### DATA FOR PROCESSING

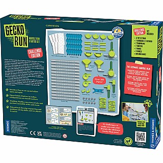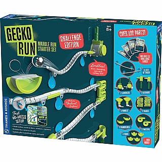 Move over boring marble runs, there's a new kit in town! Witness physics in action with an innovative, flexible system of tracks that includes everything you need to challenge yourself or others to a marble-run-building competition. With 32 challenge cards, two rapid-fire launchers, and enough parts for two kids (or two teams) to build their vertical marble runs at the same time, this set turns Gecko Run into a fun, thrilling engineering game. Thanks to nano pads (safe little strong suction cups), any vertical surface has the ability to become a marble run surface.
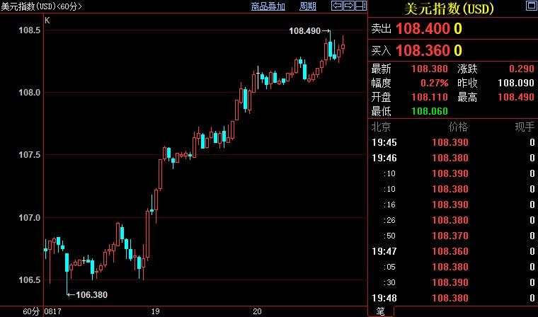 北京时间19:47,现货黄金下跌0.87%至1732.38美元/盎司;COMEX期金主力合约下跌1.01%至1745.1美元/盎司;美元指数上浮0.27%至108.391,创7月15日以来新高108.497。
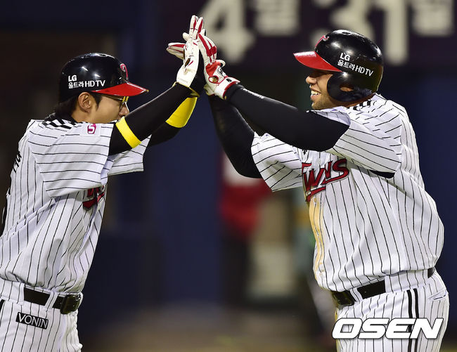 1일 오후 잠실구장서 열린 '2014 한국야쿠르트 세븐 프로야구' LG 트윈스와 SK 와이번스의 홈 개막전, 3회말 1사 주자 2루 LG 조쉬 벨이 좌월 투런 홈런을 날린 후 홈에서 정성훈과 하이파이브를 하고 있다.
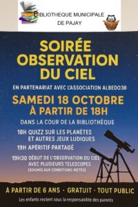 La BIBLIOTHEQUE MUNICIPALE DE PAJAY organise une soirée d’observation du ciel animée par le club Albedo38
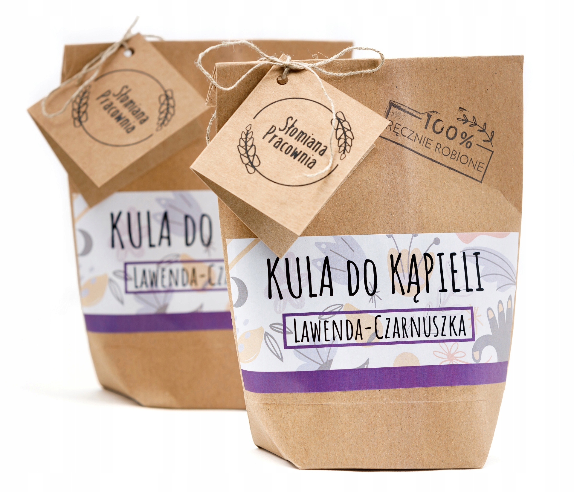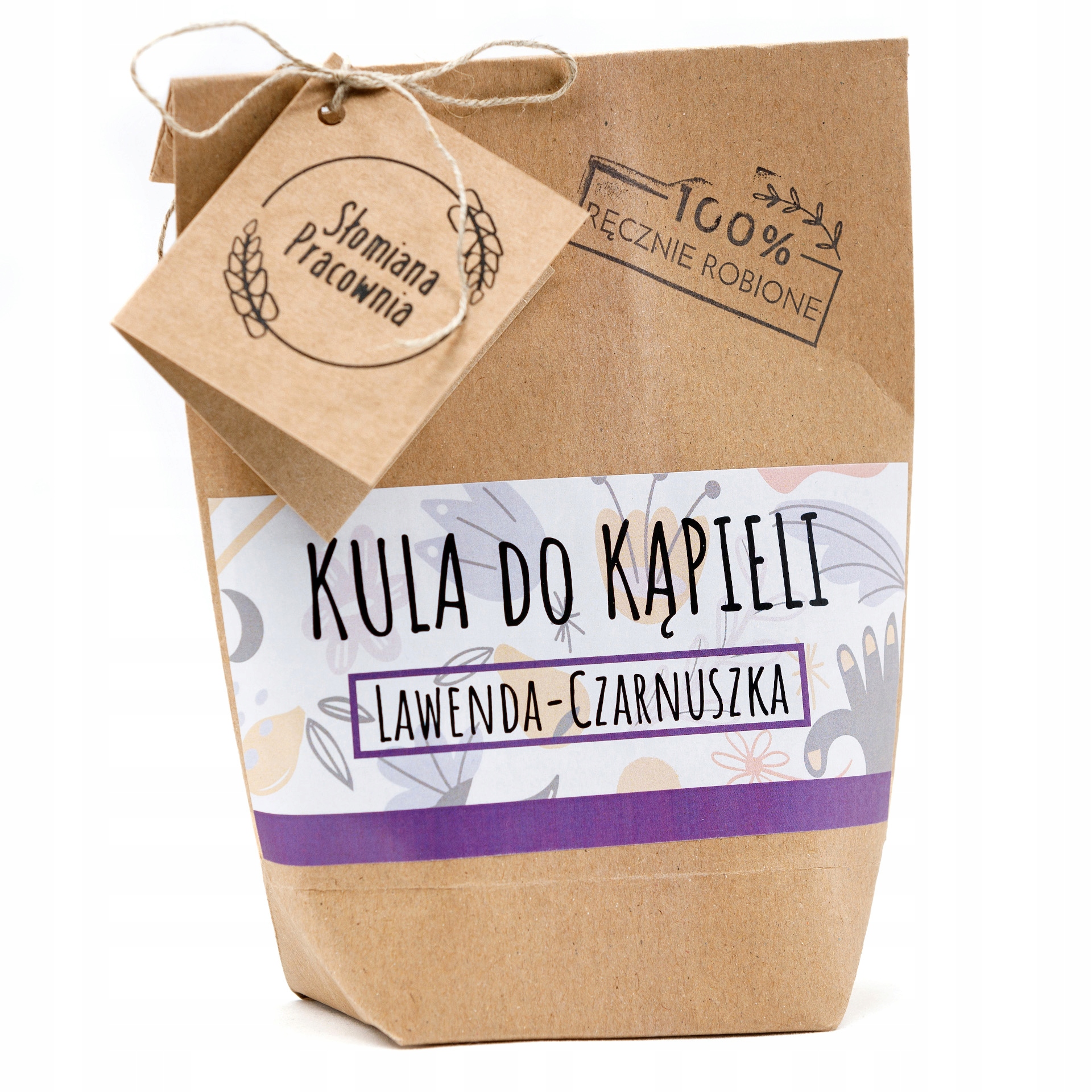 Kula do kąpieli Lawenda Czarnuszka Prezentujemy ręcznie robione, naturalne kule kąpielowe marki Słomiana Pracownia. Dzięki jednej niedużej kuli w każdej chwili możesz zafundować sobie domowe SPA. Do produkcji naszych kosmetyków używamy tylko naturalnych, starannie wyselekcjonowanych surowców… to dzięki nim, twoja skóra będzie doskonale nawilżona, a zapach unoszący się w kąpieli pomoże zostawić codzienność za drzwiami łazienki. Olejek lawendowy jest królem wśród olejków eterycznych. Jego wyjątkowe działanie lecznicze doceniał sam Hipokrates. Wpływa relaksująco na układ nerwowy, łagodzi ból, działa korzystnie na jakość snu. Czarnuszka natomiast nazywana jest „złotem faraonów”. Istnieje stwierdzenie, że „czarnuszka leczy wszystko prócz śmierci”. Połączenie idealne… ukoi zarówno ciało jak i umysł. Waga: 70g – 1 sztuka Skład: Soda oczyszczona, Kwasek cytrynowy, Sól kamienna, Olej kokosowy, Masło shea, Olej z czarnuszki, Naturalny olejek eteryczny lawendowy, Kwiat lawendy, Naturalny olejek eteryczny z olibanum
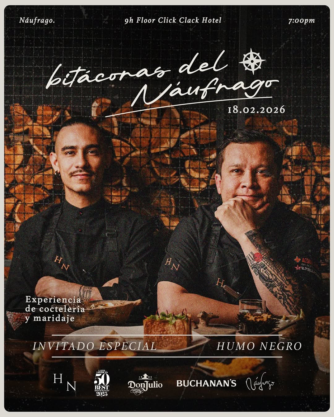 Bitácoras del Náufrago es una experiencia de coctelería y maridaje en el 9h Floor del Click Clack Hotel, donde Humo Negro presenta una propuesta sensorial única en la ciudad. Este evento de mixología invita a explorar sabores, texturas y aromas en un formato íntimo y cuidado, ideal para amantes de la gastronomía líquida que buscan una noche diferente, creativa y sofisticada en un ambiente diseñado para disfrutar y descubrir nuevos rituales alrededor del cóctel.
* * *
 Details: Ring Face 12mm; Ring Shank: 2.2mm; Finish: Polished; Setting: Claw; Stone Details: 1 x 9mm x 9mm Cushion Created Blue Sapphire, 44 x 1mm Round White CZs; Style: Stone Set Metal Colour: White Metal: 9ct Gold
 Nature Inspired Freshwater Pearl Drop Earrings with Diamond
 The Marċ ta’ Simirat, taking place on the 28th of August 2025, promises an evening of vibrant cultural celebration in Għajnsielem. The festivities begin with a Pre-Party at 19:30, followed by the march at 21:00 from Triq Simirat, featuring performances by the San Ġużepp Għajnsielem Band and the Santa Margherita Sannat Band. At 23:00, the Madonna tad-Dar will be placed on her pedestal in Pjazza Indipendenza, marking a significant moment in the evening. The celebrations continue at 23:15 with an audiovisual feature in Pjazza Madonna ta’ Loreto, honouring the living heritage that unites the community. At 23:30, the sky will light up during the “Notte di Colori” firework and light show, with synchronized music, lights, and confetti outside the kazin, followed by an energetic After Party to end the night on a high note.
...
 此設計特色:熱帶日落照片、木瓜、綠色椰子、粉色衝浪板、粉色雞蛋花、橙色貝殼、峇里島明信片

### EXERCISE GOAL
In the entries above, find the line holding "Details: Ring Face" and the line holding "Nature Inspired Freshwater"; print both of them and every line between, exactly, and nothing else.

### RESULT OF THIS TASK
 Details: Ring Face 12mm; Ring Shank: 2.2mm; Finish: Polished; Setting: Claw; Stone Details: 1 x 9mm x 9mm Cushion Created Blue Sapphire, 44 x 1mm Round White CZs; Style: Stone Set Metal Colour: White Metal: 9ct Gold
 Nature Inspired Freshwater Pearl Drop Earrings with Diamond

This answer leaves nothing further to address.